■ **Exercise brief**: An exact restatement of the data below, with the pictures removed, is the required answer.

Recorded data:

******************************

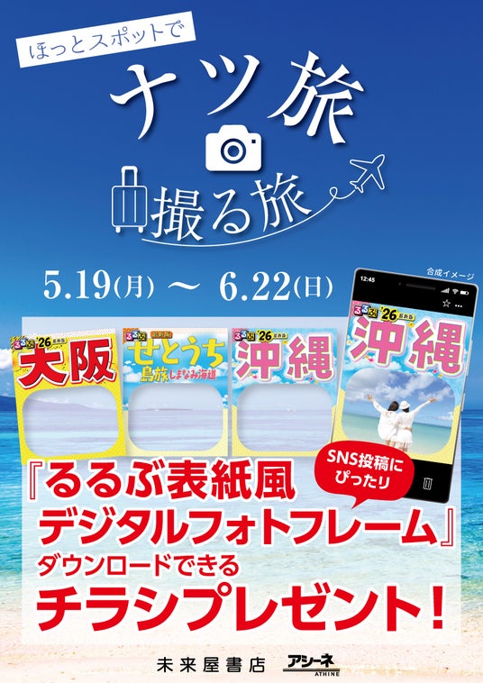株式会社未来屋書店(本社:千葉市美浜区、代表取締役社長:平川雅隆、以下 未来屋書店)は、2025年5月19日より株式会社JTBパブリッシング(東京都江東区 代表取締役 社長執行役員:盛崎宏行)とコラボした特別企画「ほっとスポットでナツ旅・撮る旅キャンペーン」を開始します。
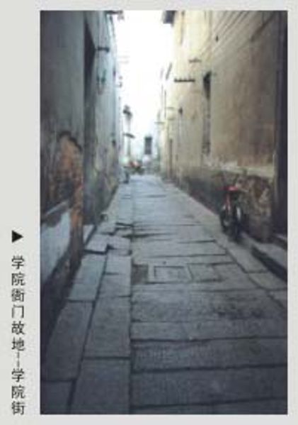 学院街东起黄兴南路,西至学院巷。旧长沙府署原设此街,明设湖南提学道,清康熙四十七年(1708)改为学院衙门,街因而得名。学院为管理全省科举考试的机构,内设考棚,供府试和院考之用。从天妃宫到学院有一石桥,名“登瀛桥”,谓学士登瀛州之意。道光年间湖南学政岳镇南题学院联云:
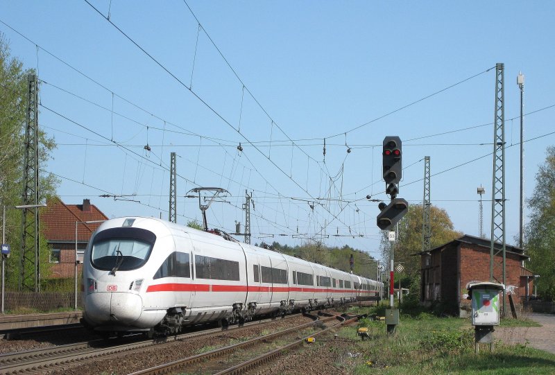 ICE 72237 Hamburg-Altona - Berlin Südkreuz bei der Durchfahrt am 18.04.09 in Radbruch Richtung Uelzen. Ab Uelzen geht es dann über die "Amerikalinie" weiter nach Stendal und Berlin. (zum Bild)
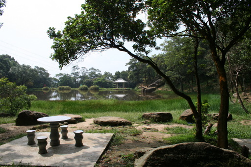 叉路,石階步道左轉下往夢湖,直行的保線路可登新山,取左遊湖再回,隨即到達夢湖東側涼亭。 |
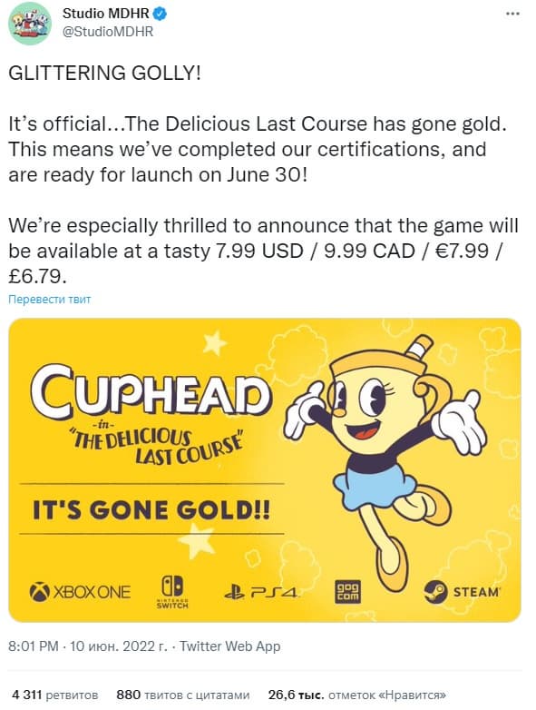 Дополнение Cuphead – The Delicious Last Course появится 30 июня 2022 года на ПК в Steam, GOG и Microsoft, PlayStation 4, PlayStation 5, Xbox One, Xbox Series X|S и Nintendo Switch.
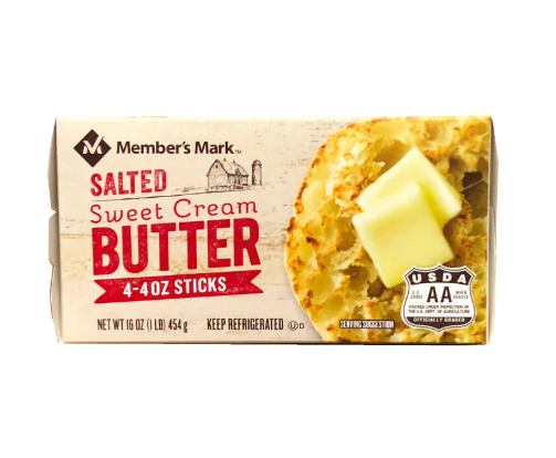 Member's Mark Salted Sweet Cream Butter is lightly churned for a smooth texture, so it's easy to spread. This four-pound pack is also USDA AA officially graded for quality.
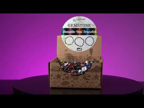 Bruk helbredende energi med dette skinnende hematittarmbåndet. Tem kan variere mellom 6 farger: rød, blå, rosa, turkis, gul, klar. Har hematittperler, sølvavstandsperler og glassperler med farget streng.
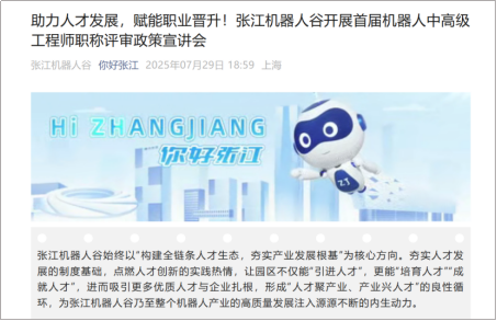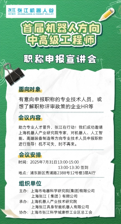 7月31日,为使本市各申报人员更清楚了解职称评审要求,z6com·尊龙(中国)时凯集团(中国)机器人有限公司官网联合张江机器人谷成功举办上海市首届工程系列数字技术专业职称申报政策宣讲会。会议通过申报范围、评审流程、材料准备、政策亮点等方面的深度解读,为机器人、智能制造等产业前沿领域专业技术人才提供权威申报指导。

******************************

■ **Output of the exercise**:
株式会社未来屋書店(本社:千葉市美浜区、代表取締役社長:平川雅隆、以下 未来屋書店)は、2025年5月19日より株式会社JTBパブリッシング(東京都江東区 代表取締役 社長執行役員:盛崎宏行)とコラボした特別企画「ほっとスポットでナツ旅・撮る旅キャンペーン」を開始します。
 学院街东起黄兴南路,西至学院巷。旧长沙府署原设此街,明设湖南提学道,清康熙四十七年(1708)改为学院衙门,街因而得名。学院为管理全省科举考试的机构,内设考棚,供府试和院考之用。从天妃宫到学院有一石桥,名“登瀛桥”,谓学士登瀛州之意。道光年间湖南学政岳镇南题学院联云:
 ICE 72237 Hamburg-Altona - Berlin Südkreuz bei der Durchfahrt am 18.04.09 in Radbruch Richtung Uelzen. Ab Uelzen geht es dann über die "Amerikalinie" weiter nach Stendal und Berlin. (zum Bild)
 叉路,石階步道左轉下往夢湖,直行的保線路可登新山,取左遊湖再回,隨即到達夢湖東側涼亭。 |
 Дополнение Cuphead – The Delicious Last Course появится 30 июня 2022 года на ПК в Steam, GOG и Microsoft, PlayStation 4, PlayStation 5, Xbox One, Xbox Series X|S и Nintendo Switch.
 Member's Mark Salted Sweet Cream Butter is lightly churned for a smooth texture, so it's easy to spread. This four-pound pack is also USDA AA officially graded for quality.
 Bruk helbredende energi med dette skinnende hematittarmbåndet. Tem kan variere mellom 6 farger: rød, blå, rosa, turkis, gul, klar. Har hematittperler, sølvavstandsperler og glassperler med farget streng.
 7月31日,为使本市各申报人员更清楚了解职称评审要求,z6com·尊龙(中国)时凯集团(中国)机器人有限公司官网联合张江机器人谷成功举办上海市首届工程系列数字技术专业职称申报政策宣讲会。会议通过申报范围、评审流程、材料准备、政策亮点等方面的深度解读,为机器人、智能制造等产业前沿领域专业技术人才提供权威申报指导。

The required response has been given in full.